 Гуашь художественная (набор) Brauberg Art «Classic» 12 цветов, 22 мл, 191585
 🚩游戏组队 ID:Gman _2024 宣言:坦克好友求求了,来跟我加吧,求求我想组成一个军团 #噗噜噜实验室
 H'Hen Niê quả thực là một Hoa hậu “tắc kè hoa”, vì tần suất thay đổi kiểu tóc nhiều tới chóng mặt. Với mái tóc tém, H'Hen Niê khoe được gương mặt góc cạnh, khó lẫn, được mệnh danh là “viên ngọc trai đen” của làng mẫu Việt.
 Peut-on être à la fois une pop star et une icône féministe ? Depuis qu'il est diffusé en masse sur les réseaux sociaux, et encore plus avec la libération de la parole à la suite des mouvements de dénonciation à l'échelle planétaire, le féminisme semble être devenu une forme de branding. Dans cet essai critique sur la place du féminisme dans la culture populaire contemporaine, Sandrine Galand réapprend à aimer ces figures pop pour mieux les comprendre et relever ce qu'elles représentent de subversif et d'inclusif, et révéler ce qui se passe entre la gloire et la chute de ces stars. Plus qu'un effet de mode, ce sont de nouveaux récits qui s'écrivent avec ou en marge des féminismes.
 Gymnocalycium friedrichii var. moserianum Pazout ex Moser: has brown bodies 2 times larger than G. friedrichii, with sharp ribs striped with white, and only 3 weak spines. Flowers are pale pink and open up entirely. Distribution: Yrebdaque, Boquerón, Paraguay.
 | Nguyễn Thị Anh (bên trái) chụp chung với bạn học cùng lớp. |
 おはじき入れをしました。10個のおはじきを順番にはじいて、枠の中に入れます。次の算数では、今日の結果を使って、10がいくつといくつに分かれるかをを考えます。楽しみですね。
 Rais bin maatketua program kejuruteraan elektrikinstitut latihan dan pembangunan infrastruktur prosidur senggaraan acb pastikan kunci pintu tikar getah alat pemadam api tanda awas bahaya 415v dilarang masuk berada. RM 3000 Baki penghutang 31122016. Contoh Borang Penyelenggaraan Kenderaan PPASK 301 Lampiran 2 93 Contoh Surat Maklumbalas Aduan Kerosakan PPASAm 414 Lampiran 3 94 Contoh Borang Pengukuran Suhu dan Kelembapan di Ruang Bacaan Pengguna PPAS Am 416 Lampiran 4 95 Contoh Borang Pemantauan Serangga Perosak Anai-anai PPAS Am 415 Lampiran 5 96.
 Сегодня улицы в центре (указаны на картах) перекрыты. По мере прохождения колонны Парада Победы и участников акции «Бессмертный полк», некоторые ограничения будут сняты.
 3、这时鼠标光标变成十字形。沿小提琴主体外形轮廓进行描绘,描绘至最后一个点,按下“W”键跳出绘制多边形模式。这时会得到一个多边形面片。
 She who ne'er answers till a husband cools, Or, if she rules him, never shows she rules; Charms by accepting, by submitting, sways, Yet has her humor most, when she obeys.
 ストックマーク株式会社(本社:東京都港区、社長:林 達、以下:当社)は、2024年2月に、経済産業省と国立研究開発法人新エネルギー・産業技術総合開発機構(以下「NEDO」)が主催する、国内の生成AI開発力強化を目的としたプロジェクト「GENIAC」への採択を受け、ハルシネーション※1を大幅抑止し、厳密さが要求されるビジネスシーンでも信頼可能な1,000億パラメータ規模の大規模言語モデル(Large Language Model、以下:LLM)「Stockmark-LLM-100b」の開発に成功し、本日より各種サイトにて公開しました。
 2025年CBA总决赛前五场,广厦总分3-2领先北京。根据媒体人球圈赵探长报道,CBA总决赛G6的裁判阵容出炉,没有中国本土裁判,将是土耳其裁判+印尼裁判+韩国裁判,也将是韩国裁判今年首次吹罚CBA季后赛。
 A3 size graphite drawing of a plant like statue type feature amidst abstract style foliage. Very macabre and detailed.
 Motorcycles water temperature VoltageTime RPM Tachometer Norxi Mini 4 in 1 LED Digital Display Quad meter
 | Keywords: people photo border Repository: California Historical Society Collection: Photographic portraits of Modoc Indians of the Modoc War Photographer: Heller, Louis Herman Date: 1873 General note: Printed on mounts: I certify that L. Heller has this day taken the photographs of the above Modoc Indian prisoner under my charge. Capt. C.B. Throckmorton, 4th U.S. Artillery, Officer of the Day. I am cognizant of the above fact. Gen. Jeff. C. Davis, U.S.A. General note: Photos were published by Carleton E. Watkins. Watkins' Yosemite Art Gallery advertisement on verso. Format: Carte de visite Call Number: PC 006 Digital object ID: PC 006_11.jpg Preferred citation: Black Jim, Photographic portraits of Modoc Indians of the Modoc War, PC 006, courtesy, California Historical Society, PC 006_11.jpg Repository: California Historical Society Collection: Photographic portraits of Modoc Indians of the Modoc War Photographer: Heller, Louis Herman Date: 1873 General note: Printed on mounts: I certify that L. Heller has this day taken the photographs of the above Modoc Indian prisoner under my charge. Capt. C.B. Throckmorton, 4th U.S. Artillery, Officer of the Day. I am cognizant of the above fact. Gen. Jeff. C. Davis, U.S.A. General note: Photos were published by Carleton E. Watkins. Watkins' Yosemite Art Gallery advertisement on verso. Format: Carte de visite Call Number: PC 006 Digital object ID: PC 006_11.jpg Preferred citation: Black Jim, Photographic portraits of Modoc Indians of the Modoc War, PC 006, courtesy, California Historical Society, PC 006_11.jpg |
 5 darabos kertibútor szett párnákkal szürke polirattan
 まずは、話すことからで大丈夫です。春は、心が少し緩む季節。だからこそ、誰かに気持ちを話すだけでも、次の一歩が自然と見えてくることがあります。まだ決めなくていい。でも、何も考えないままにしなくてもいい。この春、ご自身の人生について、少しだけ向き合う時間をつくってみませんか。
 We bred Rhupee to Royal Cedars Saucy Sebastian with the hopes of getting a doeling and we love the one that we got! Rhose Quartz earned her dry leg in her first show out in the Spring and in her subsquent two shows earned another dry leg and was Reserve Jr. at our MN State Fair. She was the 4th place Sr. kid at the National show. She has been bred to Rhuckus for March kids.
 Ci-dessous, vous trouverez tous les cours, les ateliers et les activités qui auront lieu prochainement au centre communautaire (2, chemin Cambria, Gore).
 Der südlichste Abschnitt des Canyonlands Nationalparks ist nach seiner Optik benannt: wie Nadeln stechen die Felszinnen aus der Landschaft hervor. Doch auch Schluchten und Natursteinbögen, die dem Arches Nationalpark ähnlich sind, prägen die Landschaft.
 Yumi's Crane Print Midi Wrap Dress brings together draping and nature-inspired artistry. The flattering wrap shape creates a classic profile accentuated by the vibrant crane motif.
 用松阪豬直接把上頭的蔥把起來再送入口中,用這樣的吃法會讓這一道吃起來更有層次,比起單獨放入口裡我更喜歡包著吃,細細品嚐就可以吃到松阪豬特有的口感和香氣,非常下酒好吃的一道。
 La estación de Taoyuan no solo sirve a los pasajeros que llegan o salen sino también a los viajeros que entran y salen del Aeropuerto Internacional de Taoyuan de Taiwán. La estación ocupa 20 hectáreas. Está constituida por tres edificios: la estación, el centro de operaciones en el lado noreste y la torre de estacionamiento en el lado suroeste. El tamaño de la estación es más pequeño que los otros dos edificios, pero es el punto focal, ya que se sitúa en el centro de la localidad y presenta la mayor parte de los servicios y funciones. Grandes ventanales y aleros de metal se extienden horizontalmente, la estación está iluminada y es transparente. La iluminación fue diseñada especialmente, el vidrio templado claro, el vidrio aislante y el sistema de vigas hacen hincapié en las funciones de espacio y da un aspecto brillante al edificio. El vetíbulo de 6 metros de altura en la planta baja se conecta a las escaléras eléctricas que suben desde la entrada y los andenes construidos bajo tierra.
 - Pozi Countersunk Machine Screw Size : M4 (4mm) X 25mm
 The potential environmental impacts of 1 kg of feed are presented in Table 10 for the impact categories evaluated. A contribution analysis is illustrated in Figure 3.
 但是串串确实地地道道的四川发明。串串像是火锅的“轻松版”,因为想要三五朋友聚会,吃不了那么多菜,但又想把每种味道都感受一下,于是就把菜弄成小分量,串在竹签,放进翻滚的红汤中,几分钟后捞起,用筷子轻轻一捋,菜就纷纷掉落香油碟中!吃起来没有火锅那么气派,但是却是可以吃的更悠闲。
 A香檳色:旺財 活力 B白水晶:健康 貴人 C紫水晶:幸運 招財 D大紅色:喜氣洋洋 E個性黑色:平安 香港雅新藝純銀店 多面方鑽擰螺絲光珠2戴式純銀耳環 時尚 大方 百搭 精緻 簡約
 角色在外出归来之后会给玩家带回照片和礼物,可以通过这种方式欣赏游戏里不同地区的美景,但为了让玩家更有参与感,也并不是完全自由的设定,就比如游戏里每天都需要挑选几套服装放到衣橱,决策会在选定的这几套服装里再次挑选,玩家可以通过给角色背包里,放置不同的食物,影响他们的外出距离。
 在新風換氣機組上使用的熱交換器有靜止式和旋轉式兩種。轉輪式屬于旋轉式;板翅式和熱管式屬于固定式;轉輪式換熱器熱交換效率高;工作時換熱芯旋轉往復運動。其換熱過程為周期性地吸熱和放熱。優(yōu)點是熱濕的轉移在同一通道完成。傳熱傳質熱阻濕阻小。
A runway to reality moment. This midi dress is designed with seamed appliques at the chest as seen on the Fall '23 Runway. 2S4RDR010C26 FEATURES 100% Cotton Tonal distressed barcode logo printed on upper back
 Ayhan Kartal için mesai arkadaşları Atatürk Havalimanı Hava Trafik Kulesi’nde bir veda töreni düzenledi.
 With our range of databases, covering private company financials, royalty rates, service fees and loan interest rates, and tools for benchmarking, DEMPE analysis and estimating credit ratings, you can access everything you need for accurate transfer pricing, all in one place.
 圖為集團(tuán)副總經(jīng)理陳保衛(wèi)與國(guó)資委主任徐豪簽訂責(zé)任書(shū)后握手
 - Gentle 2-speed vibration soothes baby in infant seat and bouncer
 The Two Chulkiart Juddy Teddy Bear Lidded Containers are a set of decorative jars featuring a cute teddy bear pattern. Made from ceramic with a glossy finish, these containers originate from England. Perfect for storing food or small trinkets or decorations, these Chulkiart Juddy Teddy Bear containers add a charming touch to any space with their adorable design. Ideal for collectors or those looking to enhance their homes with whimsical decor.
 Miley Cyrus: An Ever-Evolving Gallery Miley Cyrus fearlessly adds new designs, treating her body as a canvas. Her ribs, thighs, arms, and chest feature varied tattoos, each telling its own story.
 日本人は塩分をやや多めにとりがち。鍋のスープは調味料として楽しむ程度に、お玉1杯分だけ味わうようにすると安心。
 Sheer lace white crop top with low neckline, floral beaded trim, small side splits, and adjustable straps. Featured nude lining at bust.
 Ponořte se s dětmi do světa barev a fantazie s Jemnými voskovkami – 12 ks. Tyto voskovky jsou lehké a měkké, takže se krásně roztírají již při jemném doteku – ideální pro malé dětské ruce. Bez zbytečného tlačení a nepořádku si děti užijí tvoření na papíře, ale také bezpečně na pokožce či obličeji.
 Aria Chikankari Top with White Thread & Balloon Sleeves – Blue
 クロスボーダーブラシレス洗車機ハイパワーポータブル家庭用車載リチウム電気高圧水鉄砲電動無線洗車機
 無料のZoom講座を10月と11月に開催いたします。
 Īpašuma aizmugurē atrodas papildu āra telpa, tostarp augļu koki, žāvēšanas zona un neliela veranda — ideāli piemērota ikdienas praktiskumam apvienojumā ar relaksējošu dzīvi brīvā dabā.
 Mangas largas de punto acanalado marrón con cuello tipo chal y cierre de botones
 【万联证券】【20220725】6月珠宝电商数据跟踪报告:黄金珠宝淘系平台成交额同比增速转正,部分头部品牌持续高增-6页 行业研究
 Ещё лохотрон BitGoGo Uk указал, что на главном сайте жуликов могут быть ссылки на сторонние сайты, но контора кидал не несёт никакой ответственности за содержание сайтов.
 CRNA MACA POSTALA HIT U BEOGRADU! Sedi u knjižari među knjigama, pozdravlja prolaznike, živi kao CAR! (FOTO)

====

◆ **Assignment**:
Please print the material above exactly as it appears, from its first line through the line containing "おはじき入れをしました。10", inclusive, and stop there.

◆ **Solution for this problem**:
 Гуашь художественная (набор) Brauberg Art «Classic» 12 цветов, 22 мл, 191585
 🚩游戏组队 ID:Gman _2024 宣言:坦克好友求求了,来跟我加吧,求求我想组成一个军团 #噗噜噜实验室
 H'Hen Niê quả thực là một Hoa hậu “tắc kè hoa”, vì tần suất thay đổi kiểu tóc nhiều tới chóng mặt. Với mái tóc tém, H'Hen Niê khoe được gương mặt góc cạnh, khó lẫn, được mệnh danh là “viên ngọc trai đen” của làng mẫu Việt.
 Peut-on être à la fois une pop star et une icône féministe ? Depuis qu'il est diffusé en masse sur les réseaux sociaux, et encore plus avec la libération de la parole à la suite des mouvements de dénonciation à l'échelle planétaire, le féminisme semble être devenu une forme de branding. Dans cet essai critique sur la place du féminisme dans la culture populaire contemporaine, Sandrine Galand réapprend à aimer ces figures pop pour mieux les comprendre et relever ce qu'elles représentent de subversif et d'inclusif, et révéler ce qui se passe entre la gloire et la chute de ces stars. Plus qu'un effet de mode, ce sont de nouveaux récits qui s'écrivent avec ou en marge des féminismes.
 Gymnocalycium friedrichii var. moserianum Pazout ex Moser: has brown bodies 2 times larger than G. friedrichii, with sharp ribs striped with white, and only 3 weak spines. Flowers are pale pink and open up entirely. Distribution: Yrebdaque, Boquerón, Paraguay.
 | Nguyễn Thị Anh (bên trái) chụp chung với bạn học cùng lớp. |
 おはじき入れをしました。10個のおはじきを順番にはじいて、枠の中に入れます。次の算数では、今日の結果を使って、10がいくつといくつに分かれるかをを考えます。楽しみですね。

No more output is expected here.